Whole – Grain Cereals | This may significantly reduce the risk of cardiovascular disease, type 2 diabetes and cancer. It was also shown to have an effect on the reduction of body fat. On the other hand refined cereals where shown to have a negative effect on health most particularly white rice when in the context of a westernised diet.
Tammy’s Tips | Choose wholegrain. This means brown grainy breads, brown rice and whole grain cereals. Not only does this have the great protective benefits discovered in the study but it also is full of fibre which means it keeps you fuller for longer and has a slower release of energy.
Legumes | The humble legume was shown to reduce cancer risk by up to 48%. It also showed a significant reduction in blood glucose levels, total cholesterol, LDL and triglycerides and an increase in HDL.
Tammy’s Tips | Well this is music to vegetarians and vegans ears. Although this has been known for some time, it is becoming more mainstream to opt for a vegetarian or vegan option and with all the alternatives this is becoming easier. Try having one meat free meal a week. Over the next few weeks I will be doing some recipes for meat free Mondays to get you feeling inspired. For now though try my latest legume obsession from The Sprouted Kitchen’s Marrakesh carrot salad.
Nuts and seeds | May significantly reduce several cardiovascular risk factors.
Tammy’s Tips | Nuts and seeds can be an easy thing to add into your diet. They say a handful of nuts a day can be a great addition to any healthy lifestyle. Try walnuts or almonds and aim for about a handful. I use them as a snack and also sprinkle things such as sunflowers seeds and pepitas in my quinoa salad, on my yogurt or in my breakfast cereal. Yum!

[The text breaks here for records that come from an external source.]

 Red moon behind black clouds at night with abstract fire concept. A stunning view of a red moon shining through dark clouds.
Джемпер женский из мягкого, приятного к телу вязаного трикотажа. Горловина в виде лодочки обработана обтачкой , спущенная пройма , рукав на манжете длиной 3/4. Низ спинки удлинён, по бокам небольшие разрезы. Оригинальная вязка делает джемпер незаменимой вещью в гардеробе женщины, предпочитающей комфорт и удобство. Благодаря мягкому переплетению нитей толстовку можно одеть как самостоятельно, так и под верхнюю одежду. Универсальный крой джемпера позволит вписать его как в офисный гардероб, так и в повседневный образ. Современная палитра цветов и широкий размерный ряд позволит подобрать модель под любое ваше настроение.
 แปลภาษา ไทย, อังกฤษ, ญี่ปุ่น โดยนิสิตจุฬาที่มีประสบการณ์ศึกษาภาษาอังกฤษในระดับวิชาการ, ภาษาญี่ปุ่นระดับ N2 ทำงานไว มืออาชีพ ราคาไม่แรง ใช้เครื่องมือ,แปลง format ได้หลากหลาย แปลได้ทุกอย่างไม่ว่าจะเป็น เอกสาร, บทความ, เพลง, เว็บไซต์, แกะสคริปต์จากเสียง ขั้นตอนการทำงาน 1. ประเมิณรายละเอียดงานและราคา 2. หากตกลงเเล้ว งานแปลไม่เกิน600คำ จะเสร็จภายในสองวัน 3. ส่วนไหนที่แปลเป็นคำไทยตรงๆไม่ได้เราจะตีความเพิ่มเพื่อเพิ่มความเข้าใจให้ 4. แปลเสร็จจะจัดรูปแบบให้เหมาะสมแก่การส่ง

Red and processed meats | Associated with a higher risk of type 2 diabetes, cardiovascular disease and several cancers. Another nail in the old paleo coffin, sorry Pete!

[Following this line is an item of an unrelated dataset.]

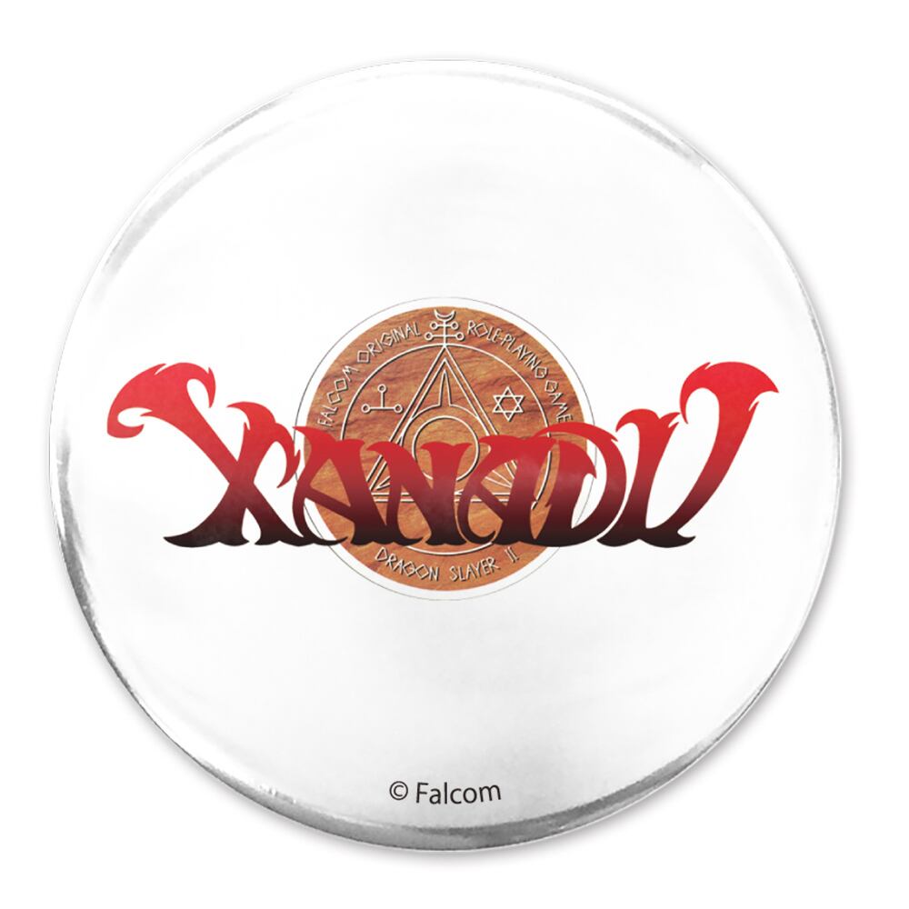 「ザナドゥ」のロゴが直径65mmの大きめ缶バッジに。

Tammy’s Tips | So this is not the first time we have heard this. Australian’s can often overeat their share of red meat with the recommendation being 1 serve per day of about 65 grams of red meat. Again try to add some meat free meals into your weekly routine or swap red meat for fish.
Fish | Is associated with lowering the risk of dementia, cardiovascular disease and cancers. Although it wasn’t mentioned in this study there is also great benefits from oily fish consumption to improve depressive symptoms (but thats another post for another day!).

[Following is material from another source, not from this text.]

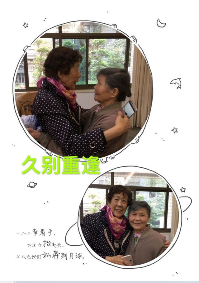 黄榴轩(左)和陆玉梅(右)相见时激动情景。六十年变迁,青春已不再、面貌巨变,同学情常在。南大再相见,又焕发了青春的活力。

Tammy’s Tips | Aim for 2 – 3 serves of fish per week. This can be canned if you find it easier although it is also great to have some fresh sources. In particular salmon can be a great core ingredient for a meal, have a look at this easy salmon and fennel recipe from the BBC.
So lets sum it all up |
- Plant foods are more protective than animal foods
- Grain products are more effective than fruits and vegetables
- Red and processed meats increase risk of chronic diseases
- Among beverages tea was the most protective and soft drink was associated with the most increase in risk of chronic diseases
For anyone that is interested here is the full article reference | Fardet, A., and Boirie, Y. Associations between food and beverage groups and major diet – related chronic diseases: an exhaustive review pooled / meta – analyses and systematic reviews (2014). Nutrition Reviews Vol. 72 (12): 741 – 762.
* meta analysis | is a statistical technique for combining the findings from independent studies. It is most often used to assess the clinical effectiveness of healthcare interventions and it does this by combining two or more randomised control trials.
**systematic reviews | is a literature review (often of randomised control trials) that is focused on a research question and tries to identify, appraise, select and collate all high quality research evidence in relation to that question.